South Carolina Highway Patrol Commander Avoids Charges In Connection With Preferential Treatment Case

No justice, no accountability …

In a decision sure to roil law enforcement in the Palmetto State, South Carolina Highway Patrol (SCHP) captain Stacy Craven will not face criminal charges in the aftermath of an investigation led by the S.C. State Law Enforcement Division (SLED) into allegations that he improperly meddled in the 2014 arrest of a prominent supporter of Clemson University. The controversial decision not to prosecute Craven was made by S.C. eleventh circuit solicitor Rick Hubbard.

Our readers will recall we exclusively reported on this incident back in May, and followed up in July with a report on Craven being the focus of the investigation.

What happened?

As we noted in our original coverage, after Clemson’s streak-busting 35-17 victory over rival South Carolina on November 29, 2014, Stanley Roy Riggins of Charlotte, N.C. – the brother of former Clemson board member David P. Riggins – was detained by SCHP lance corporal Michael Taylor for allegedly driving under the influence (DUI) and committing a liquor law violation at around 6:05 p.m. EST on S.C. Highway 93 at Centennial Boulevard in Clemson, S.C.

According to an incident report obtained by this news outlet, Riggins was arrested on suspicion of DUI “stemming from a fight that had occurred after the Clemson/ Carolina football game.”

“Riggins … became aggrivated (sic) by a pedestrian who, he states, would not move out of his way,” the report noted. “He states that he then stopped his Land Rover, got out, and confronted him.”

During this confrontation, Riggins claimed to have been “shoved to the ground” prior to the pedestrian fleeing the scene.

After allegedly failing a field sobriety test, Riggins was taken into custody and transported to the Pickens County, S.C. detention center – where the SCHP incident report indicated he was offered (and refused) a breathalyzer examination.

There is no record of any charge being filed against him in connection with this incident, however.

Now we know why …

According to the SLED report, Craven intervened – stopping the breathalyzer examination as it was being administered and taking personal custody of Riggins. As a result, Riggins – who was described by Craven as “a top contributor to Clemson University” – was never booked at the Pickens detention center and there was no record of his arrest.

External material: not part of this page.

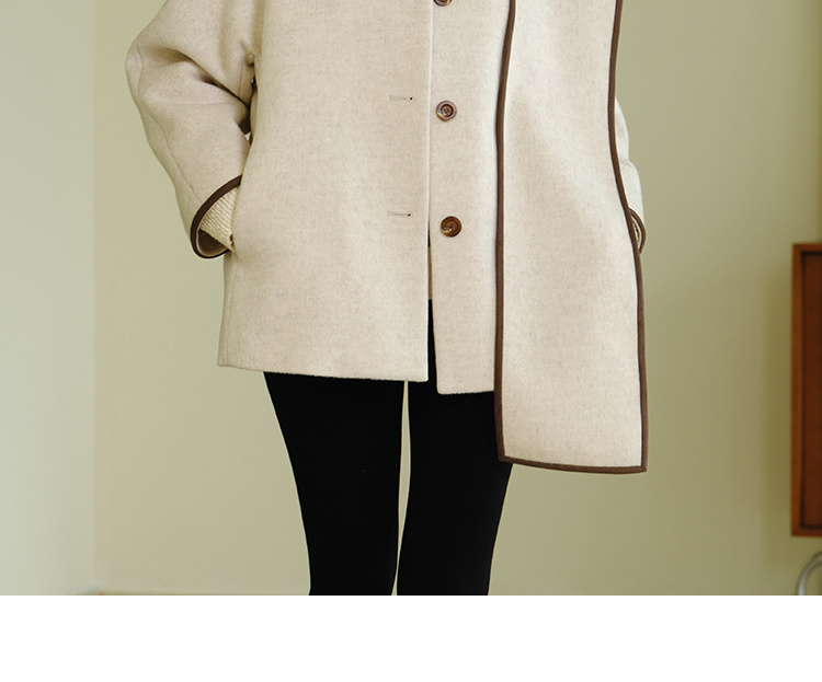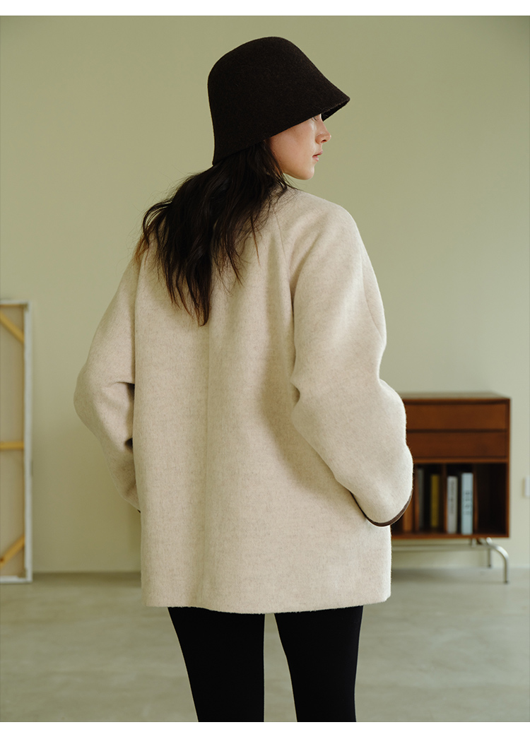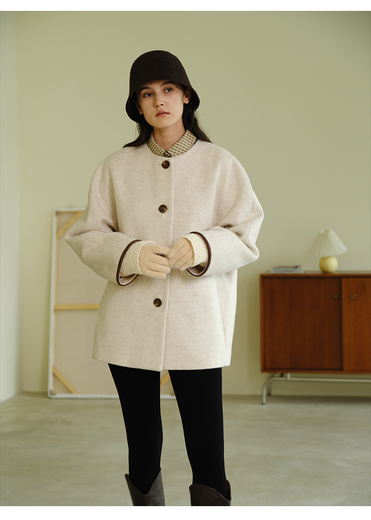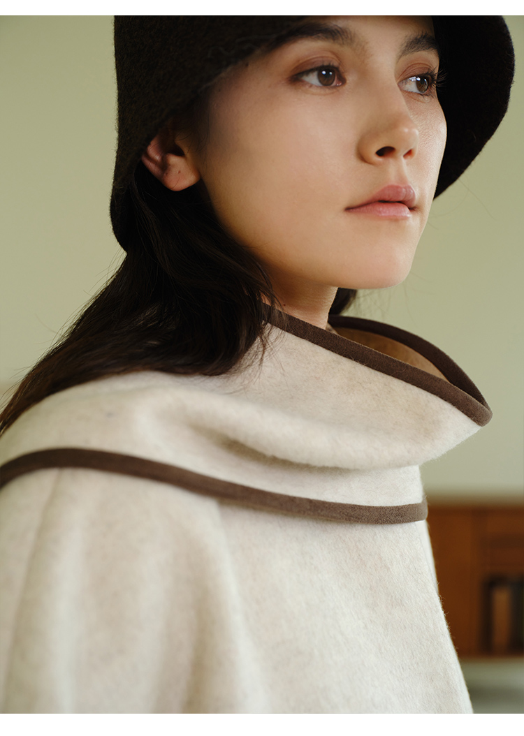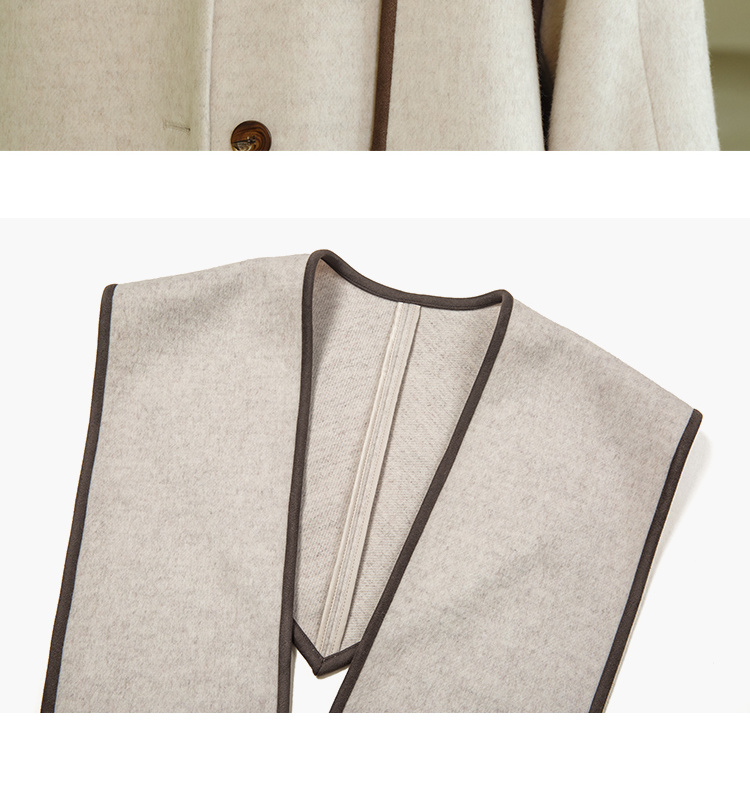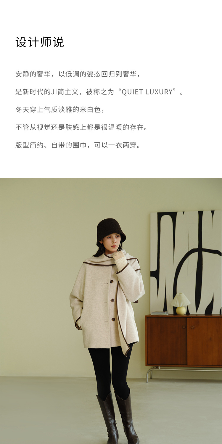 HeyDress围脖领毛呢大衣女秋冬法式羊毛宽松保暖气质短款呢子外套
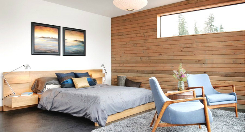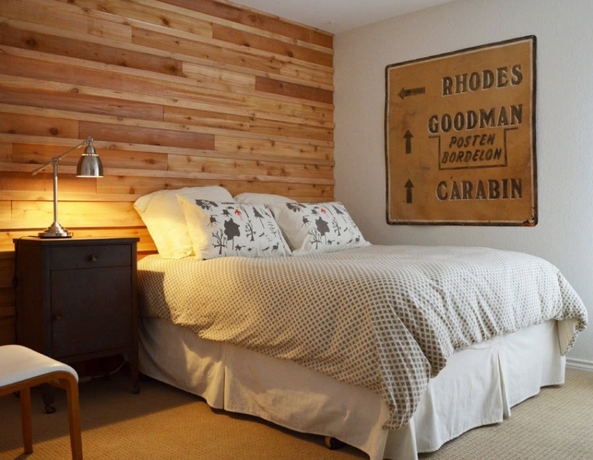 Accessories and décor play an important role in the design of the restroom. Some people cannot decide which curtains are suitable for gray wallpaper, photos of such interiors are very common on the net. Regardless of the shade of the finish, experts recommend repeating the color scheme of the wood-like wallpaper in other furnishing elements, for example, in curtains, furniture, bedspreads, and carpets. As a result, you can achieve unity in the design of the bedroom. In this room, as in the living room, the method of focusing attention on one of the walls is most often used. For this, photo wallpaper is used, decorating the surface behind the headboard in the form of a panel.

Craven literally walked the influential businessman right out of the building and turned him over to “family members.” Also, because he was never booked, the automatic six-month drivers license suspension that follows from a subject’s refusal to submit to a breathalyzer examination did not apply to Riggins.

Unbelievable, right?

(Click to view)

(Via: Provided)

Craven initially attempted to contact Taylor to intervene, but the lance corporal did not immediately return his calls. At that point, Craven called a deputy with the Pickens county sheriff’s office and instructed him to get involved.

“I wasn’t left with much of an option,” Taylor said during an interview with investigators. “I was told this is what was going to happen.”

Taylor told investigators he was “furious” about the situation – as he should have been.

Not only did Craven intervene in Riggins’ arrest, he was also instrumental in getting the DUI charge against him dropped. Craven contacted an assistant solicitor in the office of S.C. thirteenth circuit solicitor Walt Wilkins and asked whether the charge could be reduced to an open container violation. On May 8, 2017, Riggins pleaded guilty to the open container charge and paid a $257.50 fine.

According to Riggins, he was told he had to plead to the open container charge to avoid the appearance that he had gotten off “scot free.”

Despite all of this – and despite concluding that Craven’s responses to questioning were “suspect, and in some instances, demonstrably false” – Hubbard declined to prosecute the SCHP leader.

Astoundingly, he declined to prosecute even as he noted being aware that “the public’s trust in law enforcement is undermined when officers fail to faithfully and forthrightly uphold their duties.”

Clearly Hubbard is not sufficiently aware of that fact …

Craven’s corruption in connection with this case was clearly documented by a report from the S.C. Office of Inspector General (SCOIG), and further documented by a report from SLED. Accordingly, Hubbard’s contention that he did not think he could make a charge of misconduct in office or obstruction of justice against Craven is laughable.

Stay tuned … this news outlet is continuing to investigate this case and its connection to another scandal that recently splashed across our pages.

In the meantime, this is yet another sad and sorry example of how “justice” is administered in South Carolina.